• Records to use
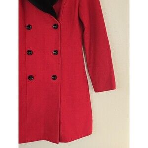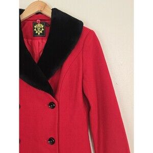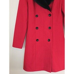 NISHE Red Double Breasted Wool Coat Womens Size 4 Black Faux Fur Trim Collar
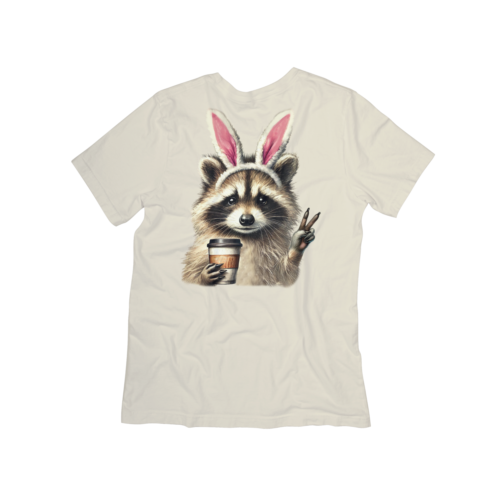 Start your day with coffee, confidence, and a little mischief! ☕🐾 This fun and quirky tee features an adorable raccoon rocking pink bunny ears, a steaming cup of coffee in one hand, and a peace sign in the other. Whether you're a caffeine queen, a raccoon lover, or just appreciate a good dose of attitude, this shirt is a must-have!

---

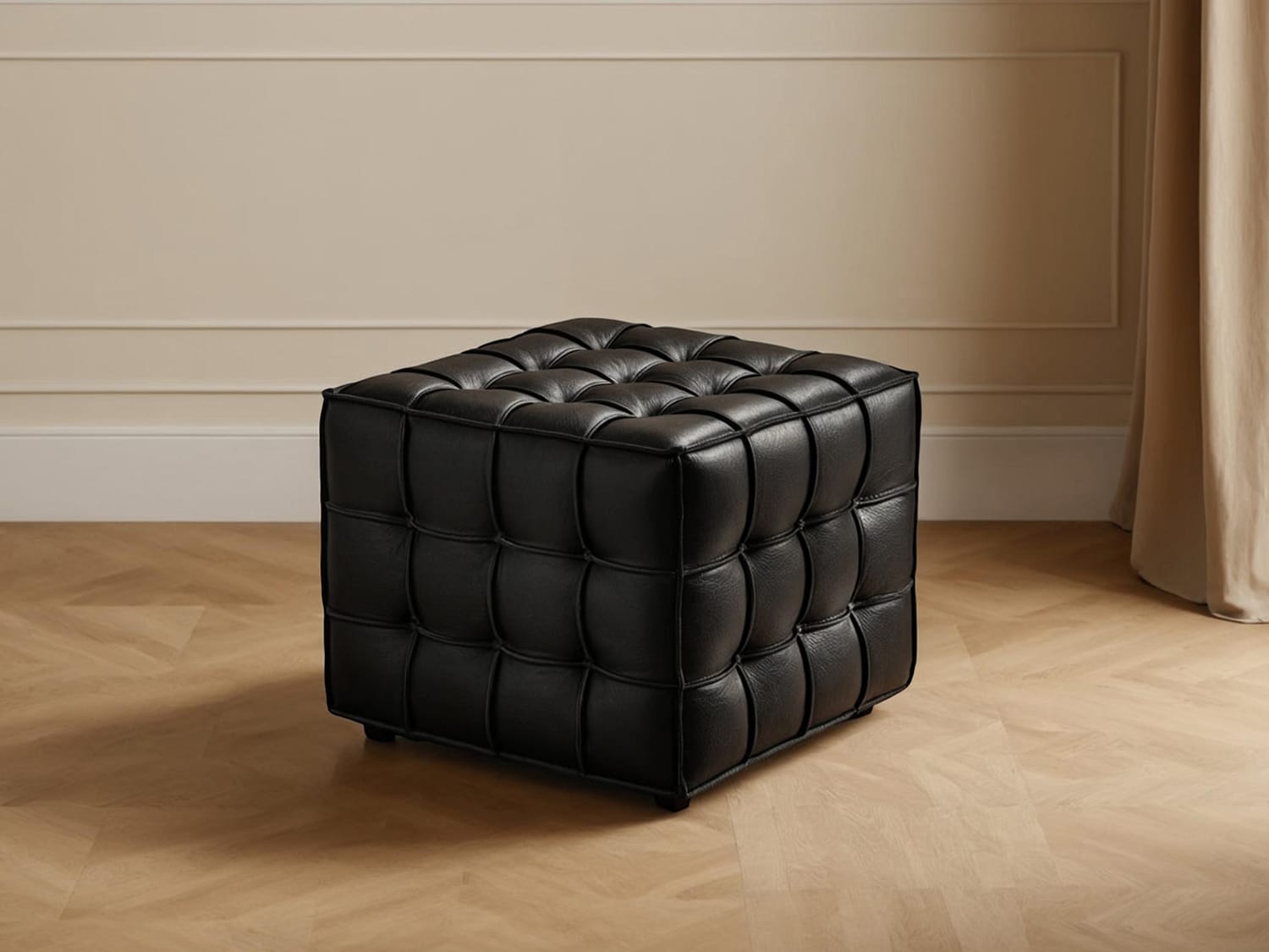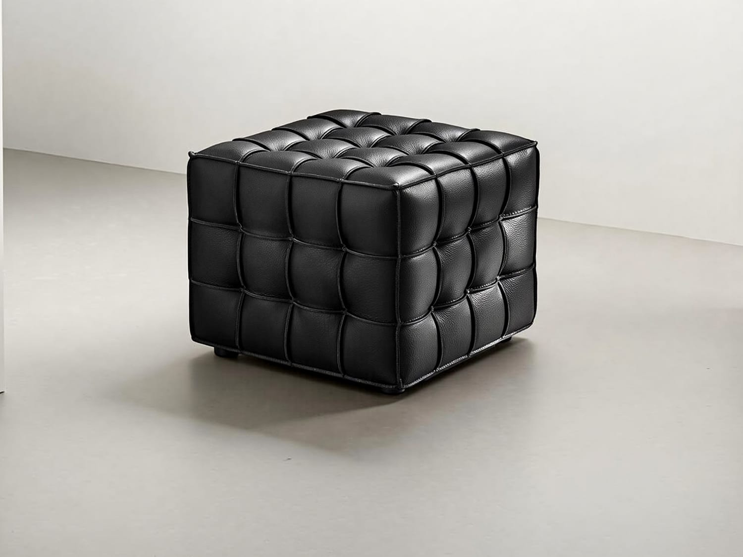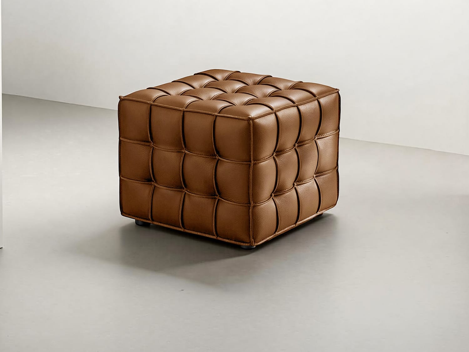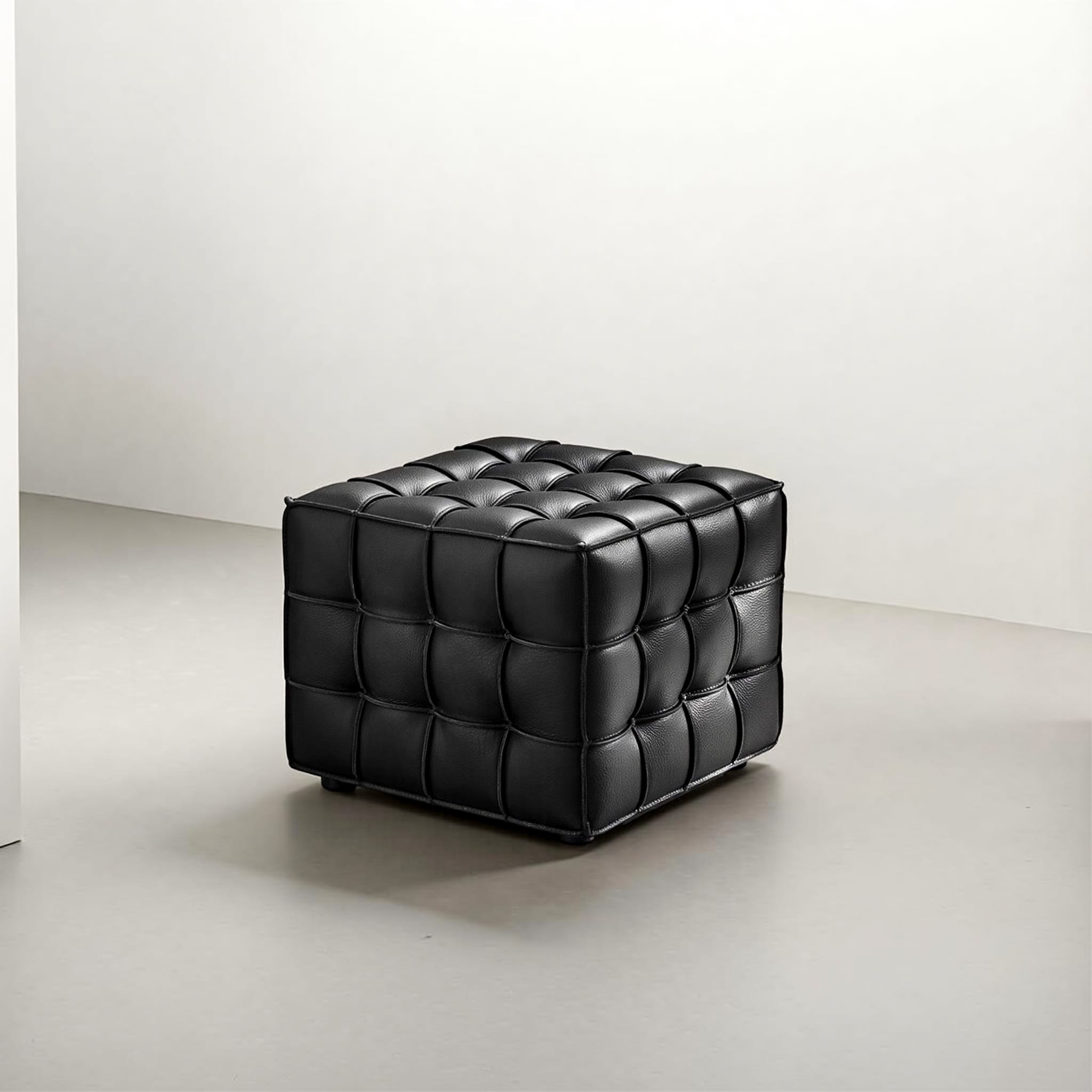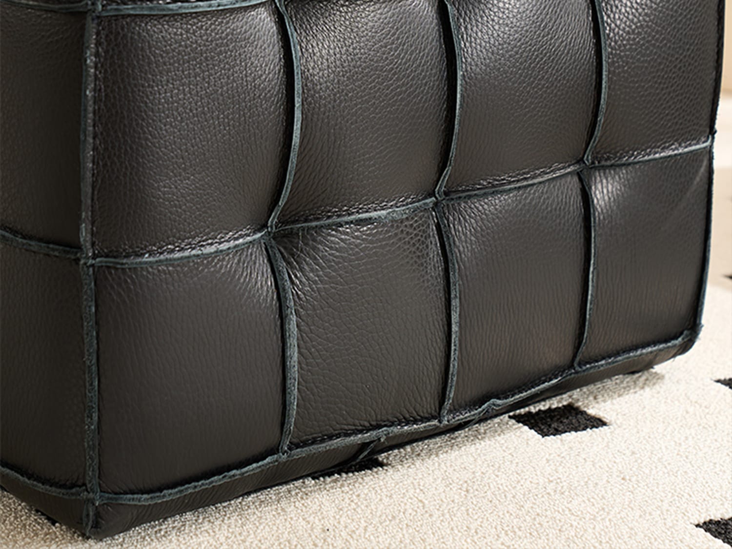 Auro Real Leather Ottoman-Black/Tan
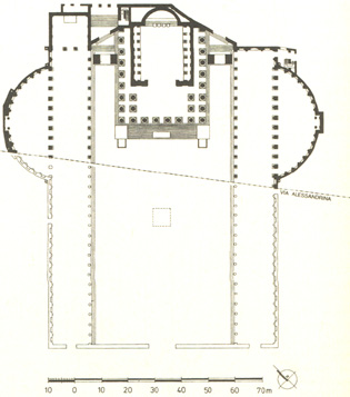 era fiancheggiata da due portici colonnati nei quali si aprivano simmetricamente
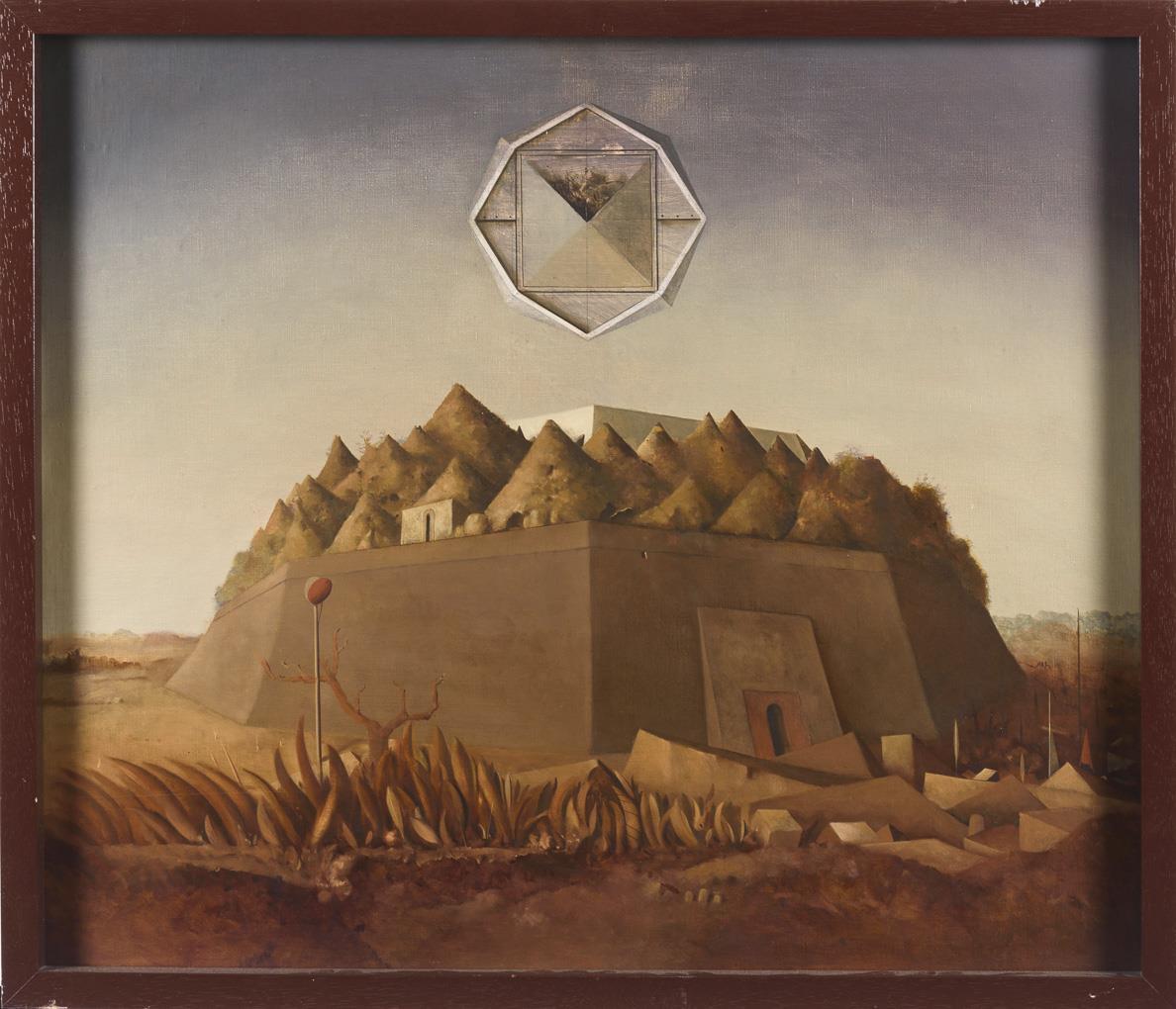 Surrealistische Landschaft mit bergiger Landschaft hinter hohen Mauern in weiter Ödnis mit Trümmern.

---

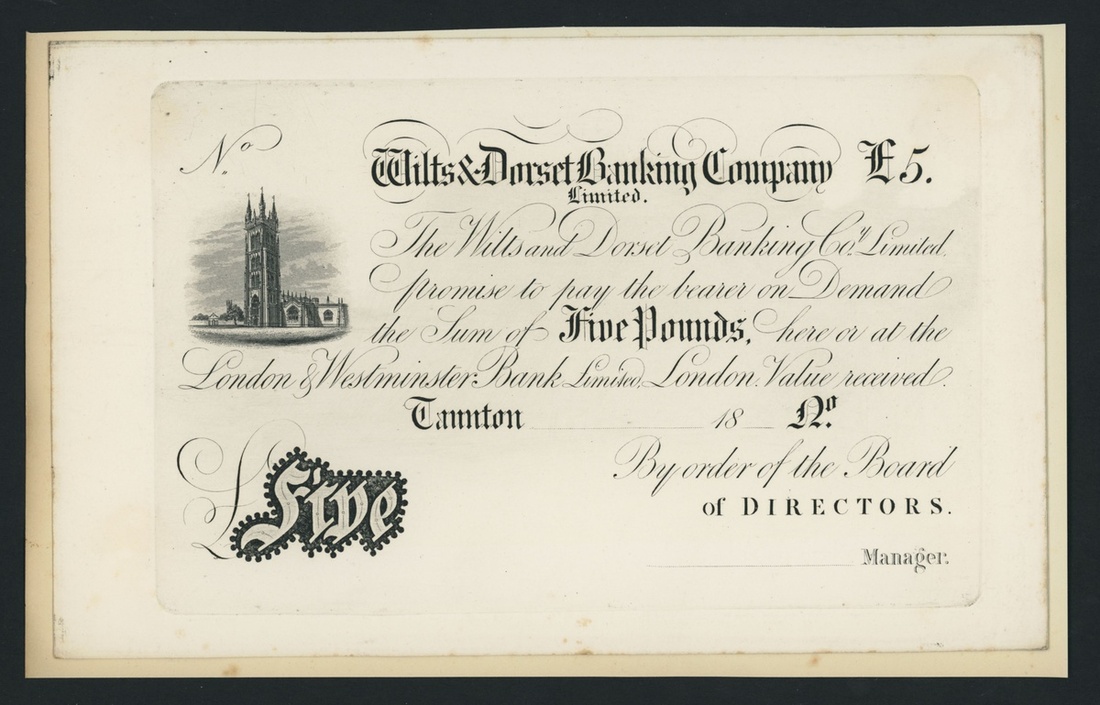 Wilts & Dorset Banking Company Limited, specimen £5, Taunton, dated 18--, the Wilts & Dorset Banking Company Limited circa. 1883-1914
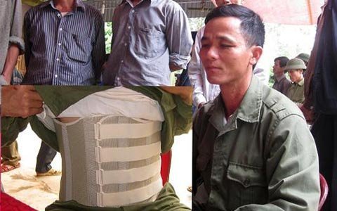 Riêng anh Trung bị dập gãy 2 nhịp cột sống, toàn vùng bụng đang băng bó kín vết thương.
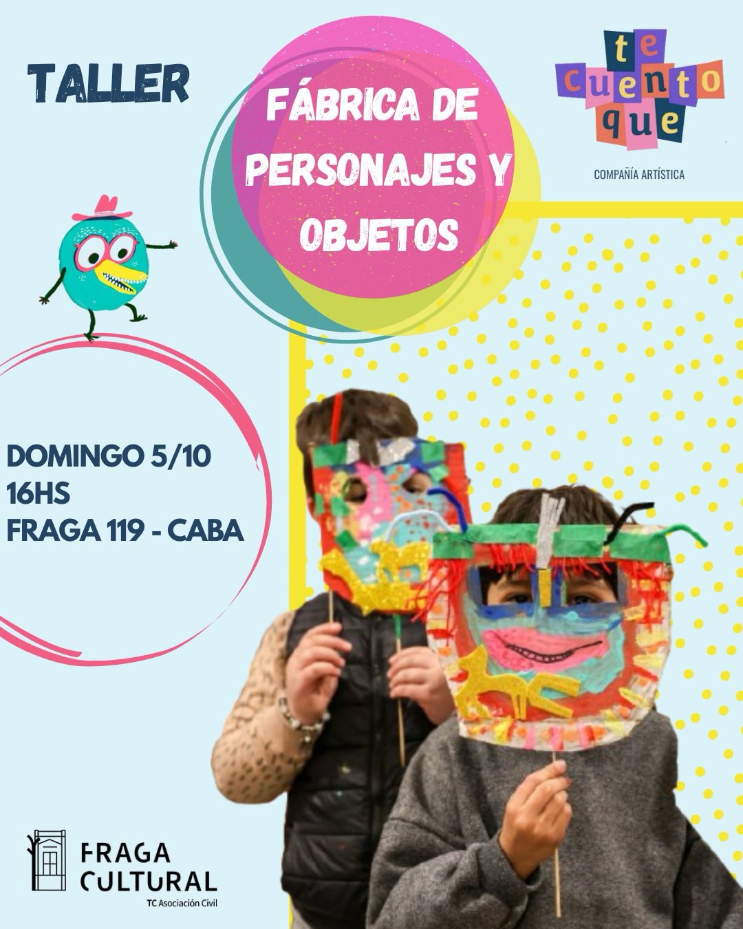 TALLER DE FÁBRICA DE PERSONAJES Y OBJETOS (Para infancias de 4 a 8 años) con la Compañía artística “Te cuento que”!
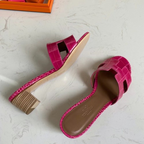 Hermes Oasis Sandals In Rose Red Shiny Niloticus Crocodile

• What this task involves
Repeat exactly the lines above, beginning at the one containing "Wilts & Dorset Banking Company Limited, specimen" and ending at the one containing "Hermes Oasis Sandals". Do not carry over any pictures.

• Task answer
 Wilts & Dorset Banking Company Limited, specimen £5, Taunton, dated 18--, the Wilts & Dorset Banking Company Limited circa. 1883-1914
 Riêng anh Trung bị dập gãy 2 nhịp cột sống, toàn vùng bụng đang băng bó kín vết thương.
 TALLER DE FÁBRICA DE PERSONAJES Y OBJETOS (Para infancias de 4 a 8 años) con la Compañía artística “Te cuento que”!
 Hermes Oasis Sandals In Rose Red Shiny Niloticus Crocodile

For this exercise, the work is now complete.